Without perfect monitoring, the market offers a number of partial solutions to the principal-agent problem. Another solution to the principal-agent problem is to severely punish employees who are caught truancy. An obstacle to this solution is that there are limits to the employer's ability to punish.

The principal-agent problem is a significant factor in the relationship between shareholders and corporate managers. This gives the CEO an incentive to take immediate actions that will raise the stock price 10 years into the future. Even if the company goes bankrupt, it is unlikely that the shareholder's lifestyle will be greatly affected.21 The director, on the other hand, may have a large personal stake in the company's success.

If you're concerned that your CEO isn't working hard enough, you'll want him to hold more stock in the company so that his efforts will be better rewarded. But if you're concerned that your CEO is being too cautious, you want him to hold fewer shares in the company so that he's willing to take on more risk.

Financial Markets

Much research is devoted to the methods people use to separate valuable information from this static, and the consequences of the inevitable imperfections of these methods. All the information from the past history of the stock is already embedded in a single number - the current price. This claim is more difficult to test than the claims of the Chartists, so the empirical evidence is less conclusive.

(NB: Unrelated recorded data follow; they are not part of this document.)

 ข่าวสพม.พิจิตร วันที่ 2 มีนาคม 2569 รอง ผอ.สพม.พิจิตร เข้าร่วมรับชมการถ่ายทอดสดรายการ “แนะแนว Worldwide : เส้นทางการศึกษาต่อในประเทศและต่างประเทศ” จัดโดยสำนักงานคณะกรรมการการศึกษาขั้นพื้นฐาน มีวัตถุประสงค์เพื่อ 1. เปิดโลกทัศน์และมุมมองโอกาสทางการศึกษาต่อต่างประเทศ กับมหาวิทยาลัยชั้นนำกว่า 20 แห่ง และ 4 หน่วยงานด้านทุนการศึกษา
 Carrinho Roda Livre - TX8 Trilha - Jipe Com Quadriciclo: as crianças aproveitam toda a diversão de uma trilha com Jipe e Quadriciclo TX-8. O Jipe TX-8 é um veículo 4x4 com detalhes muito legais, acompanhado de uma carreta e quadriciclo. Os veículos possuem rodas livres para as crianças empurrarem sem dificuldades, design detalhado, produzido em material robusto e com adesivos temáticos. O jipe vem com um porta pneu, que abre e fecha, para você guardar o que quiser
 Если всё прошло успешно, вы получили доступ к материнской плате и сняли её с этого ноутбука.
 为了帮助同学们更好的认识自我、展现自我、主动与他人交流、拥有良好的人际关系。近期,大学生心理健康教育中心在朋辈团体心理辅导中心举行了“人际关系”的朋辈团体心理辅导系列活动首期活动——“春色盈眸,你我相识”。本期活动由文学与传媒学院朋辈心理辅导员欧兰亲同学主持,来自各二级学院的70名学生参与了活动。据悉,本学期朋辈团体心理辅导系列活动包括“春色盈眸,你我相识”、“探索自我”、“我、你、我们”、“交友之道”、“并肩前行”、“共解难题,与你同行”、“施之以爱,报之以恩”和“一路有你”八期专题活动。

To them we dedicate a bit of financial folklore: The Fable of the Royal Head-Flipper. But Professor Sanford Grossman of the University of Pennsylvania has laid out a plausible scenario based on two related assumptions. The possibility that bad news is about to spread causes them (rationally) to sell immediately.

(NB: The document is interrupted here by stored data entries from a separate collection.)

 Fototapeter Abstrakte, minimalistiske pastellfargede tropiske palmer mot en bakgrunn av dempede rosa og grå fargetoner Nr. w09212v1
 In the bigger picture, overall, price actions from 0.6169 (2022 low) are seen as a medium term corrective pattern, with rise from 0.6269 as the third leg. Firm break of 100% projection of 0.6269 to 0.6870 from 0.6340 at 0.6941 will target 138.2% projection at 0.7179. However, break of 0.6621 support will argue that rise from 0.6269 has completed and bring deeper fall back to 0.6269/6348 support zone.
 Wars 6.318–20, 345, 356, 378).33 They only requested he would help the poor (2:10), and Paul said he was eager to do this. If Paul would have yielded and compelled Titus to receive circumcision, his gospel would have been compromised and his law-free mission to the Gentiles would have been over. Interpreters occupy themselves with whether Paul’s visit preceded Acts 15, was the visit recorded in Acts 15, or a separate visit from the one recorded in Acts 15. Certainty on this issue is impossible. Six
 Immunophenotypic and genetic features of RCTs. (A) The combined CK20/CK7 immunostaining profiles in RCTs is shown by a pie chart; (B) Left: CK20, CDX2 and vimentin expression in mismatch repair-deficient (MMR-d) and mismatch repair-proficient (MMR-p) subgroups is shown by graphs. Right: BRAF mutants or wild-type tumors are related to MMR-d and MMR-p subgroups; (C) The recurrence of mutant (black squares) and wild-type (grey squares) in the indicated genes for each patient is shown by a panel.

A social planner who knew all the market supply and demand curves would still lack much of the knowledge needed to replicate the operation of the price system. What are some ways an insurance company can try to reduce moral hazard? Although no one in the world has a background in chemistry or engineering, many have strong opinions (some for and some against) about whether planning permission should be issued.

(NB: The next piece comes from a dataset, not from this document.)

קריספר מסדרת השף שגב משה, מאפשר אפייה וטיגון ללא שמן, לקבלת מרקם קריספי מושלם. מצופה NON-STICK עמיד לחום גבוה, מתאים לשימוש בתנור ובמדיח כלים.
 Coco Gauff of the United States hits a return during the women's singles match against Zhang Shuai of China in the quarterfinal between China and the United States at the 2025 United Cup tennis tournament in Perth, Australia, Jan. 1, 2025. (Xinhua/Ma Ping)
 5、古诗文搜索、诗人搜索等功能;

Let's say the authorities actually banned price increases and somehow managed to ensure that their action did not affect the amount of ice in the area. Each lottery winner would receive a ticket that would allow them to buy a parking space, and these tickets could be bought and sold freely. Show the consumer surplus (earned by the parkers), the producer surplus (earned by the university), and the total value of the lottery tickets to the lottery winners.

Explain why the "as cheap as possible" assumption is overly optimistic and how it skews your deadweight loss calculation. One of the club's criteria for deciding who to accept is to favor those applicants whose income is high compared to that of other applicants. What are some of the consequences of prohibiting insurance companies from charging higher rates to people who are in high-risk groups for AIDS.

What are some of the consequences of banning insurance companies from requiring AIDS testing as a prerequisite for coverage? Many insurance companies sell group policies that cover all employees at a particular firm, or all members of a particular organization.